During a season where fear plays a major role, a time when the demons are exorcised on All Hallows’ Eve, there’s some spooky stuff creeping up around the country. It’s not fear of drivers who text or fear of heart disease—it’s fear of the Ebola virus. It’s on television, it’s in the papers, it’s on the web. There are updates all day long about the latest case, the latest breakdown in security, the latest reason Ebola may find YOU.
That these fears are mostly irrational is not being heard. Quick Google searches can quickly show just how unlikely you are to contract the virus. If just taking a breath after reading the statistics doesn’t help, there are sites that discuss prevention. I don’t have all the facts, but what needs to be discussed is just what breeds this fear in people.
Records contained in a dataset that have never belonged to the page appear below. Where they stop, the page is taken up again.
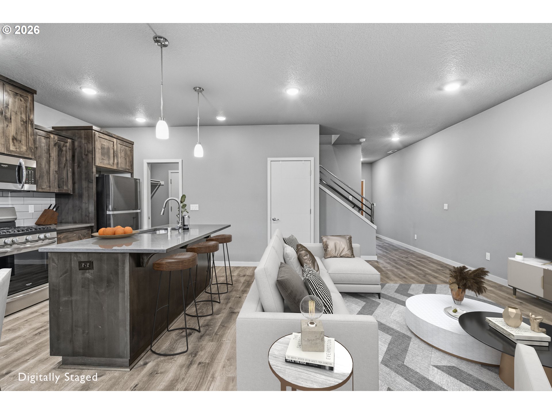 Immaculately kept end unit townhouse. Contemporary style home with high ceilings and an open concept floor plan. Like new feel with designer touches throughout. 2-car garage with decorative glass door and tankless water heater. Durable LVP flooring throughout the main level, along with an open kitchen, living and dining area. The kitchen includes a breakfast bar/center island, complete with quartz countertops and a “jumbo sink”. Economical gas stovetop and a gas fireplace with a wood surround. The main floor also has a convenient ½ bath and storage space. The 2nd floor includes a large landing/loft area suitable for an office, gaming area or exercise space. The large master bedroom is complete with tall glass windows for abundant sunlight. The oversized master bathroom is built with elegant dual vanities, recessed sinks, quartz countertops, tile backsplash and a beautiful tile walk-in shower, along with a walk-in closet. Laundry room with high-capacity front end LG washer/dryer. All high-end appliances are included in sale. Dogwood Neighborhood Park blocks away, along with stores and restaurants.
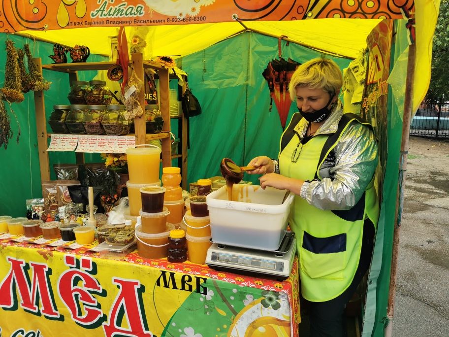 22 августа в Рубцовске начала работать долгожданная ярмарка меда. Обычно она начиналась раньше – на Медовый Спас, но в этом году свои коррективы в уже устоявшиеся традиции внесла пандемия коронавирусной инфекции COVID-19. Да и расположилась ярмарка не на привычном для горожан месте – на площадке у КРЦ «Россия», а в парковом сквере у входа на Центральный рынок со стороны проспекта Ленина. При организации торговли пчеловоды обеспечили выполнение всех санитарных требований: есть информационный стенд, нанесена разметка для соблюдения необходимой социальной дистанции. На столах в каждой палатке есть антисептик для обработки рук, а при необходимости покупателю выдадут одноразовую защитную маску.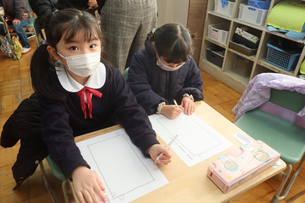 小学校になったら使うものを教えてもらったり、実際に鉛筆を持って名前や文字を書きましたよ✏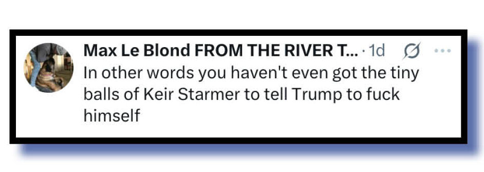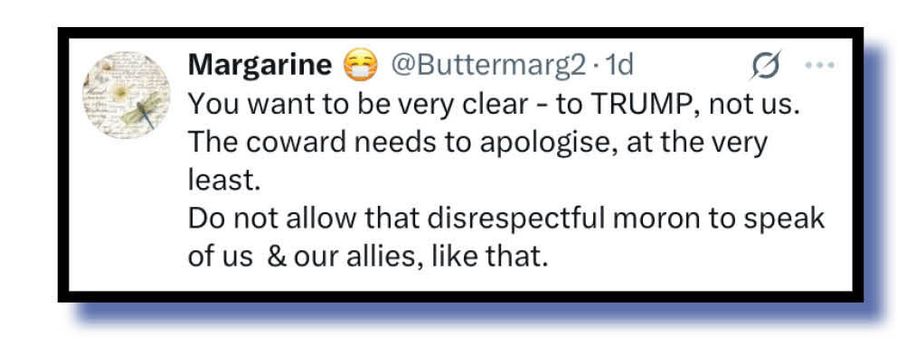 Also telling Marles where he should have sent his clarifying message to, if he wasn’t prepared to shove it up his arse (we’re paraphrasing a bit here) were Margarine and ShazH.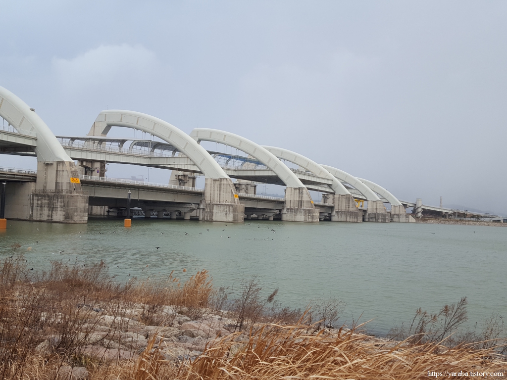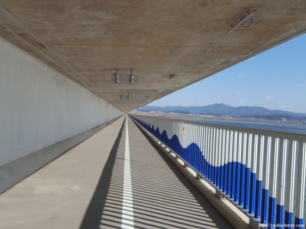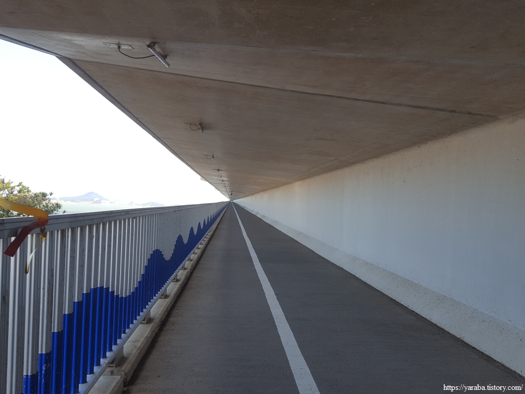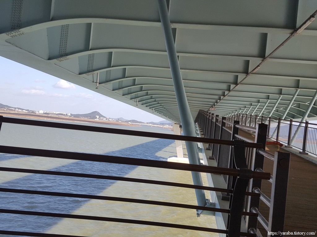 다리에 올라서면 처음 만나는 다리 구조에 탄성이 절로 나온다. 마치 2층 구조의 다리처럼 위에는 4차선의 도로만 있고 아래에는 양쪽으로 자전거길과 인도가 있는 방식이다.

Fear is one of those emotions some people like to call “negative.” I’m not against this, as it’s not an emotion I ever really look forward to having. Sure, fear can be helpful. It can let us know that we need to be careful, and it can keep us from taking too many risks. Sadly, those of us who take big risks are usually the ones whose fear meter is too low, and those of us who rarely take risks often see fear where there’s none to be found (sounds like anxiety, yes, as they go together quite often).
If we can be aware of our fear so that it becomes a tool and not a detriment, fear can be adaptive and helpful. Unfortunately, one of the things fear excels at is stopping us from thinking. Without getting into the brain science, let’s just say that in the fight, flight, or freeze response to a fearful stimulus, the most helpful reaction gets shut down.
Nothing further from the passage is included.